Отец Алистер пропустил мои колкости мимо ушей, распорядившись:

— Соберите ваши бумажки, мы отправляемся к итальянцам. Маласпина жив, и это уже хорошо. Кстати, что вы там вытянули из милейшей леди Маргарет? Помнится, что-то о скрепленной клятве?

— Я тут вечером покопался в нашей библиотеке и разыскал весьма интересную вещь, — всегда полезно ненавязчиво обратить внимание начальства на собственные скромные достижения. — Считается, что при заключении сделки с представителем нечистой силы колдун или ведьма подписывают некий договор, причем в качестве чернил используется кровь подписывающегося, так? А вот в языческих ритуалах — да погодите кривиться, вы еще не слышали самого интересного! — существует нечто похожее, только там не подписываются, а смешивают добытую из раны кровь, и это крепче всяких печатей заверяет нерушимость какого-либо соглашения. Если же забраться в еще более отдаленные времена, то у греков ходило поверье: божество, берущее себе в слуги или доверенные лица смертного, наделяло его каплей своей крови, дающей если не бессмертие, то долголетие и здоровье. Процесс наделения отличался крайней простотой — кровушку просто-напросто смешивали с вином и пили за здоровье благодетеля.

— Панна Маргарита должна сожалеть, что сболтнула вам о ночи заключения союзов, — со смешком заметил отец Алистер. — Вы полагаете, что вчера мы стали свидетелями не только свадьбы, но и некоего сатанинского и языческого ритуала?

— Все может быть, — ушел я от прямого ответа. — Только согласитесь, весьма необычный ряд событий: приглашение инквизитора на дружескую вечеринку, яд, воздействующий только на господина кардинала, горячие и, на мой взгляд, чересчур старательные заверения делла Мирандолы в том, что мы имеем дело с приступом падучей болезни... Яблочко еще это. Вы его не потеряли?
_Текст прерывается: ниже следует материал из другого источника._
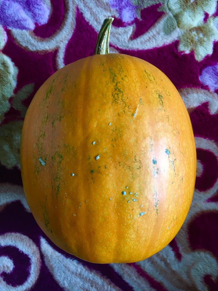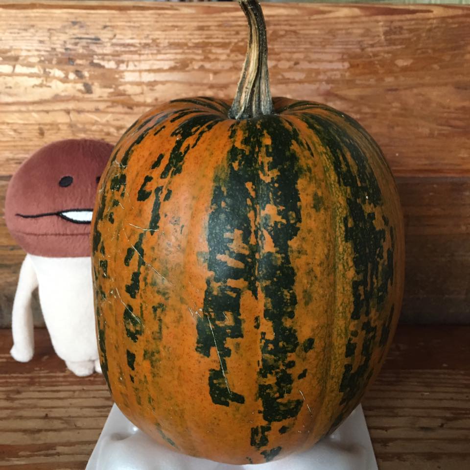 ハロウィンパンプキンを栽培していると、毎年必ず1個”先祖返り”した実が生ります。カボチャは他の農作物と交雑しやすい植物で、厳密に管理しないとすぐに周辺で栽培されている他の野菜や果物の花粉が雌花に付着してそのDNA情報を取り込んでしまい、妙ちくりんな形の実になってしまいます。まあその性質のおかげで多種多様な品種が生まれたのでしょうが。ところが、どんなに交雑を重ねた種でも、こんな感じに元々のカボチャの姿のまま生る実が出てきます。
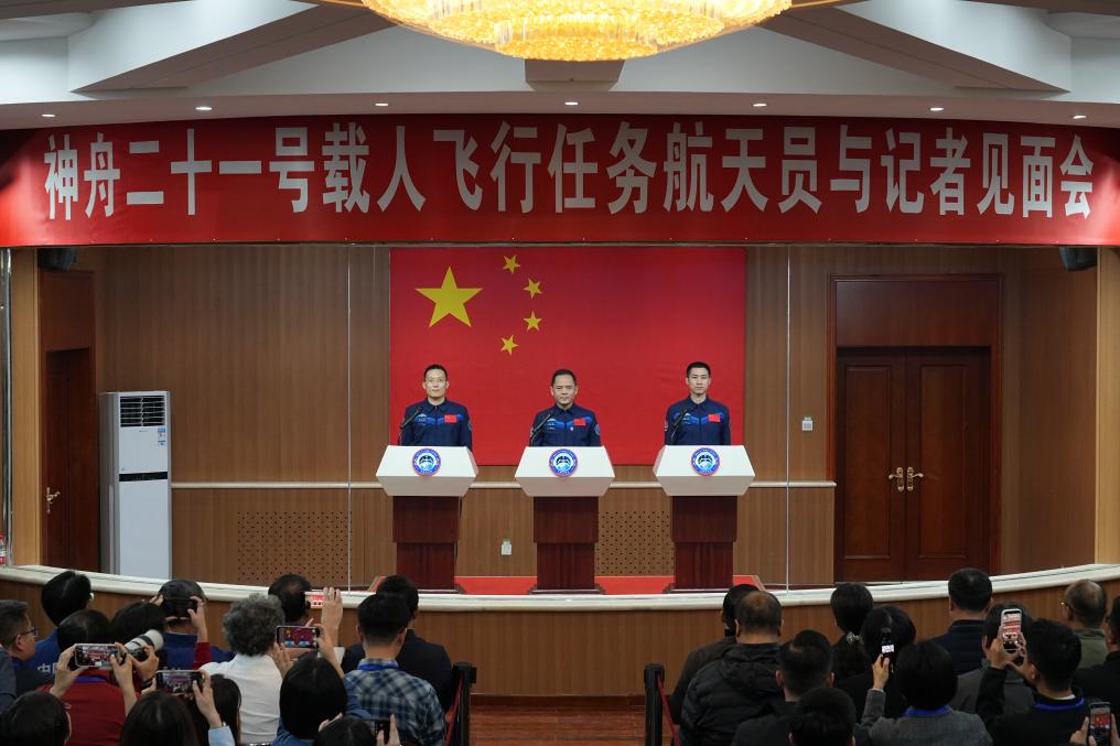 10月30日,神舟二十一号载人飞行任务航天员张陆(中)、武飞(右)、张洪章在酒泉卫星发射中心问天阁与媒体记者集体见面。
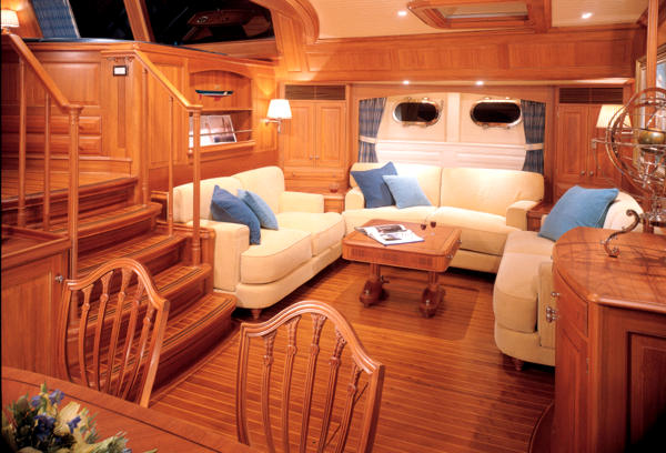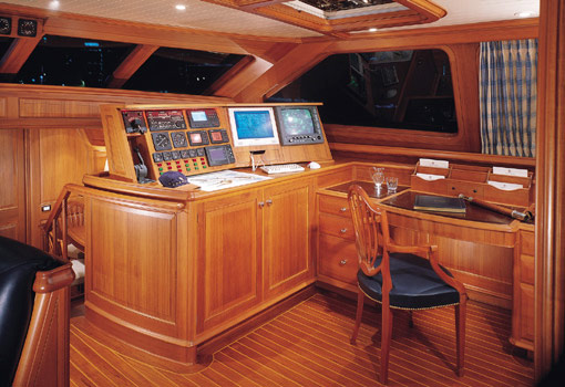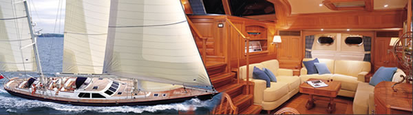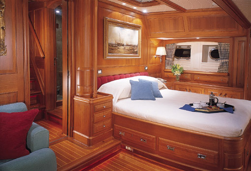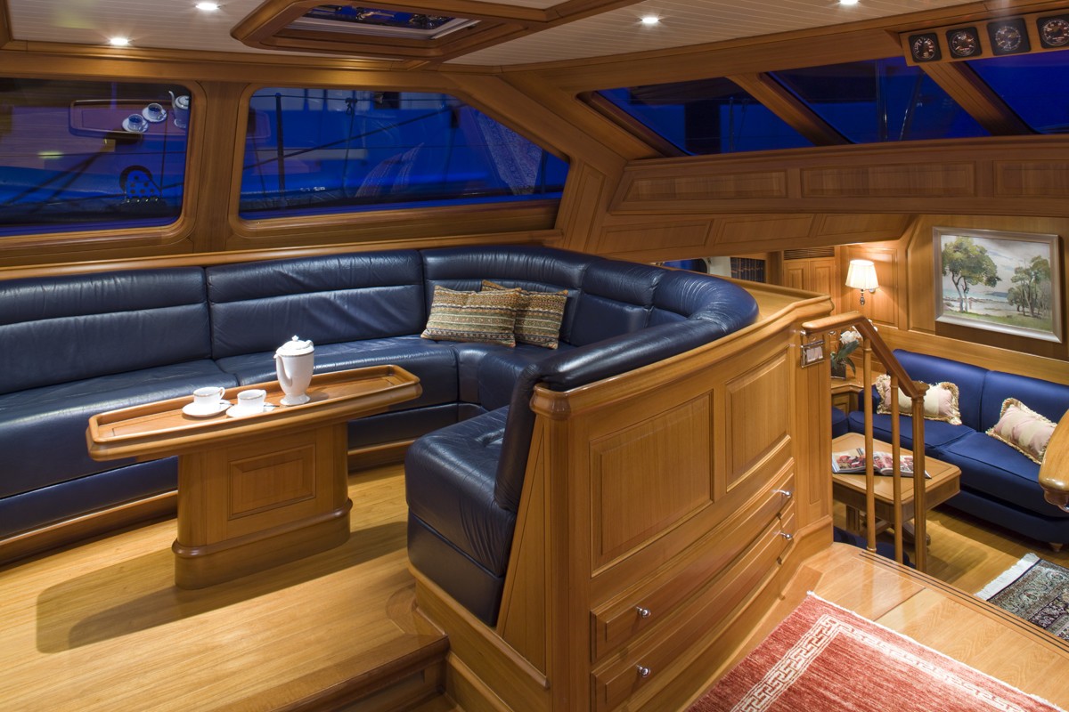 Beautifully appointed throughout, the yacht has benefited from the experience of a very knowledgeable owner. Unusual but extremely practical design features such as the fold-down stairway from the aft deck to the bathing platform and also the most unusual master stateroom, with companionway to its own private cockpit, help to make sailing on Blue Too one of life’s ultimate experiences.

— Не потерял, — буркнул Мак-Дафф, явно не желавший развивать тему неведомо откуда берущихся фруктов.

И мы отправились прогуляться по уже ставшей знакомой дороге — от нашей Градчанской улицы на расположенную в соседнем квартале Влашскую, в синий особняк с белыми колоннами, охраняемый золотым львом святого Марка. Сегодня там властвовали благолепие и прославленное итальянское гостеприимство, так что нам пришлось второй раз позавтракать, дабы не обидеть хозяев, а компанию нам составили его высокопреосвященство кардинал Луиджи Маласпина, отец Бенедикт с его неизменной добродушной улыбкой и ясным взором, барон Джулиано Орсини и пани Либуше, по такому случаю изо всех силенок старавшаяся подражать великосветским манерам. Господин посол, как церемонно объявил Орсини, после вчерашнего празднества пребывает в несколько... э-э... смятенном состоянии духа и тела, а посему присоединиться к нам не сможет и просит передать свои глубочайшие извинения.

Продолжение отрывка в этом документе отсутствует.